• **TASK TO CARRY OUT**
Return the entries below word for word; no images should appear in the copy.
━━ AVAILABLE RECORDS ━━
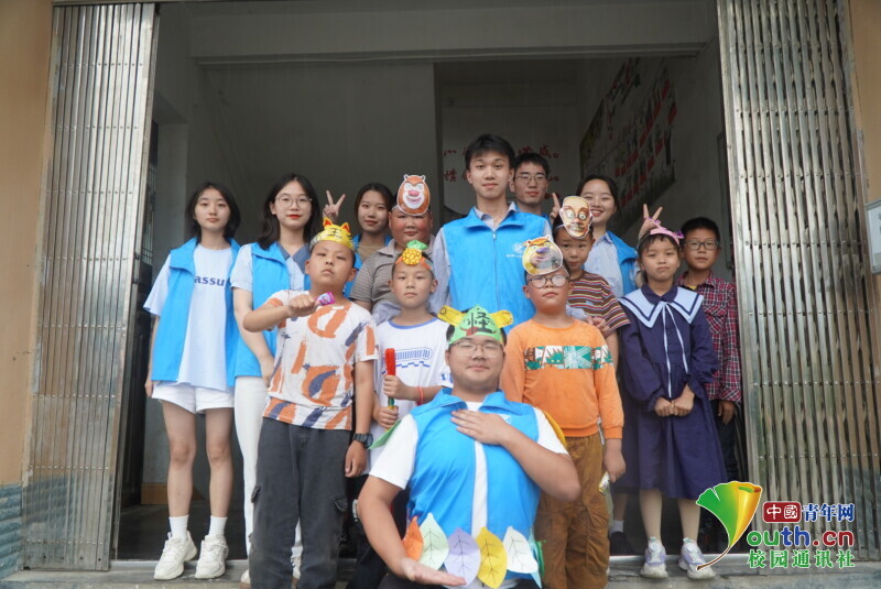 图为实践队成员和孩童们演出“熊出没”情景剧后合影留念。中国青年网通讯员 郑钦月 摄
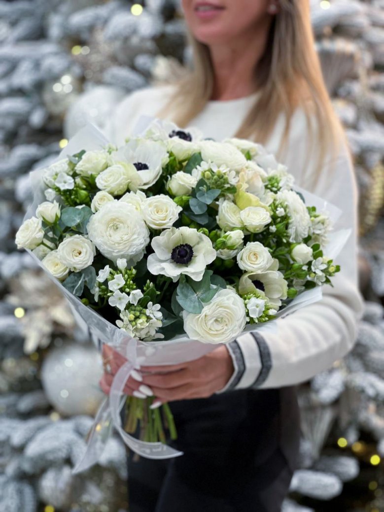 Состав: белоснежный ранункулюс, оксипеталум, анемон, кустовая роза и флокс
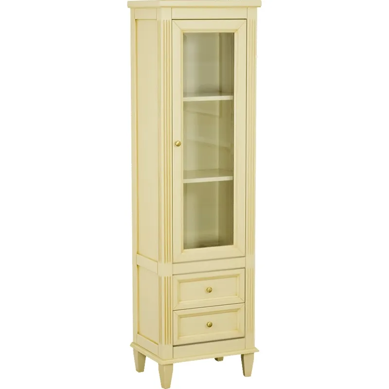 Шкаф пенал Migliore Kantri 50 26716 — это изысканный элемент мебели для ванной комнаты, выполненный в классическом стиле. Данный шкаф пенал идеально подходит для ванных комнат с повышенной влажностью, благодаря материалам из массива дерева и МДФ, а также прозрачному стеклу витража на дверце. Его песочный цвет и изящные ручки цвета золота придают интерьеру утонченность и шарм.
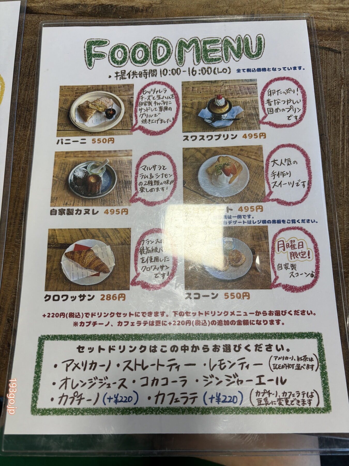 カフェメニュー(10:00~16:00)は、
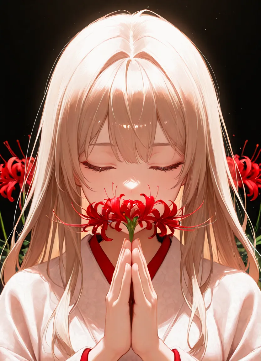 red spider lily,, appropriate posture,appropriate configuration,ideal ratio body proportions,perfect anatomy, <lora:Fixhands_anime_bdsqlsz_V1:1>, masterpiece,best quality,newest,absurdres,highres,ultra high res,8K UHD,hyper-detailed,
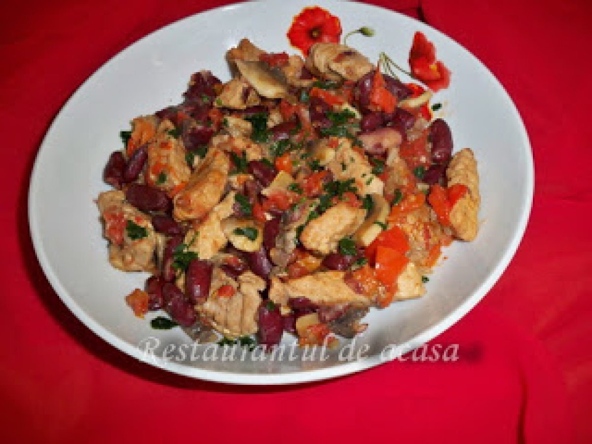 Ghiveci de legume si carne PrecedentulUrmătorul Felul principalFoarte ușor45 min Trimite unui prieten Printează pagina Adresează o întrebare autorului Postează o poză cu rețeta gătită de tine Ingrediente 6 500 g carne de porc sau vita , 1 conserva fasole rosie , 2-3 rosii sau o conserva rosii , 4-5 ciuperci , 1 ceapa , 1 ardei gras , sare , piper , ulei, patrunjel verde
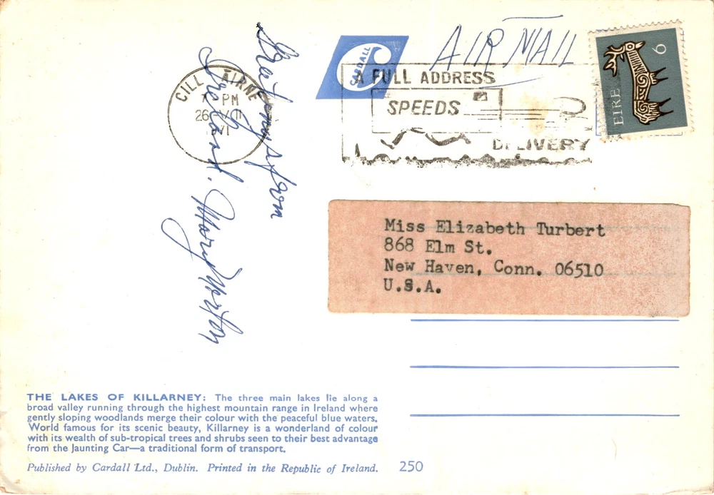 MAKE AN OFFER. THE MORE YOU BUY THE BETTER DEAL I WILL ACCEPT The postcard features a picturesque view of the Lakes of Killarney in Ireland. The lakes are located in a valley surrounded by the highest mountain range in Ireland. The area is known for its stunning beauty, with woodlands blending into the blue waters of the lakes.
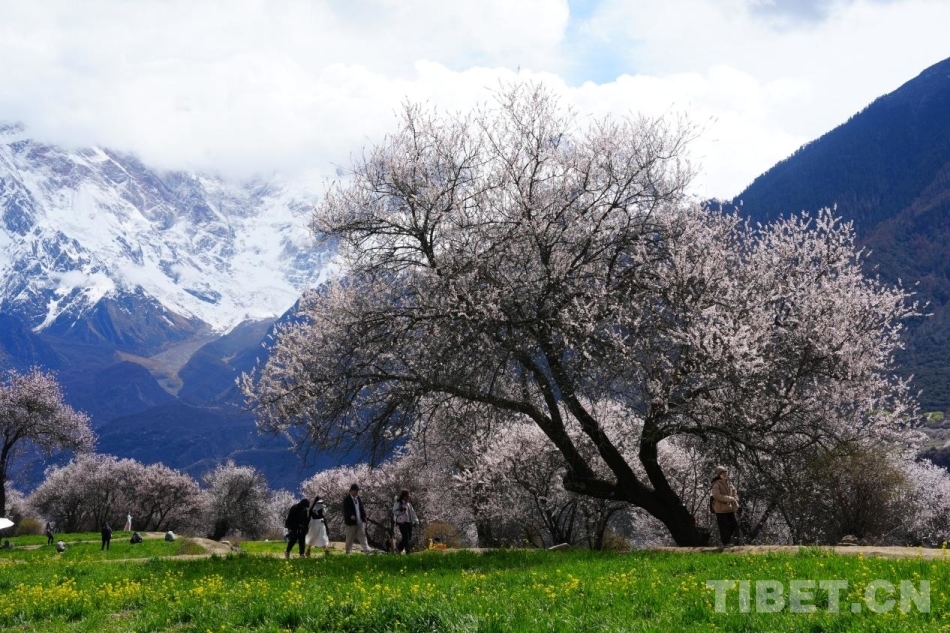 4月4日,索松村桃花樹(shù)、雪山、與游人交織的景色 攝影:張藝彤
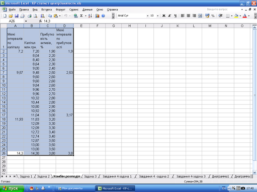 | Межі інтервалів по капіталу | Капітал млн.грн. | Прибутковість активів, % | Межі інтервалів по прибутковості |
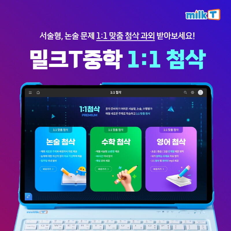 현재 1:1 첨삭 서비스는 밀크T중학 전용 학습기기를 통해서만 제공된다.
━━━
• **ANSWER FOR THE TASK**
 图为实践队成员和孩童们演出“熊出没”情景剧后合影留念。中国青年网通讯员 郑钦月 摄
 Состав: белоснежный ранункулюс, оксипеталум, анемон, кустовая роза и флокс
 Шкаф пенал Migliore Kantri 50 26716 — это изысканный элемент мебели для ванной комнаты, выполненный в классическом стиле. Данный шкаф пенал идеально подходит для ванных комнат с повышенной влажностью, благодаря материалам из массива дерева и МДФ, а также прозрачному стеклу витража на дверце. Его песочный цвет и изящные ручки цвета золота придают интерьеру утонченность и шарм.
 カフェメニュー(10:00~16:00)は、
 red spider lily,, appropriate posture,appropriate configuration,ideal ratio body proportions,perfect anatomy, <lora:Fixhands_anime_bdsqlsz_V1:1>, masterpiece,best quality,newest,absurdres,highres,ultra high res,8K UHD,hyper-detailed,
 Ghiveci de legume si carne PrecedentulUrmătorul Felul principalFoarte ușor45 min Trimite unui prieten Printează pagina Adresează o întrebare autorului Postează o poză cu rețeta gătită de tine Ingrediente 6 500 g carne de porc sau vita , 1 conserva fasole rosie , 2-3 rosii sau o conserva rosii , 4-5 ciuperci , 1 ceapa , 1 ardei gras , sare , piper , ulei, patrunjel verde
 MAKE AN OFFER. THE MORE YOU BUY THE BETTER DEAL I WILL ACCEPT The postcard features a picturesque view of the Lakes of Killarney in Ireland. The lakes are located in a valley surrounded by the highest mountain range in Ireland. The area is known for its stunning beauty, with woodlands blending into the blue waters of the lakes.
 4月4日,索松村桃花樹(shù)、雪山、與游人交織的景色 攝影:張藝彤
 | Межі інтервалів по капіталу | Капітал млн.грн. | Прибутковість активів, % | Межі інтервалів по прибутковості |
 현재 1:1 첨삭 서비스는 밀크T중학 전용 학습기기를 통해서만 제공된다.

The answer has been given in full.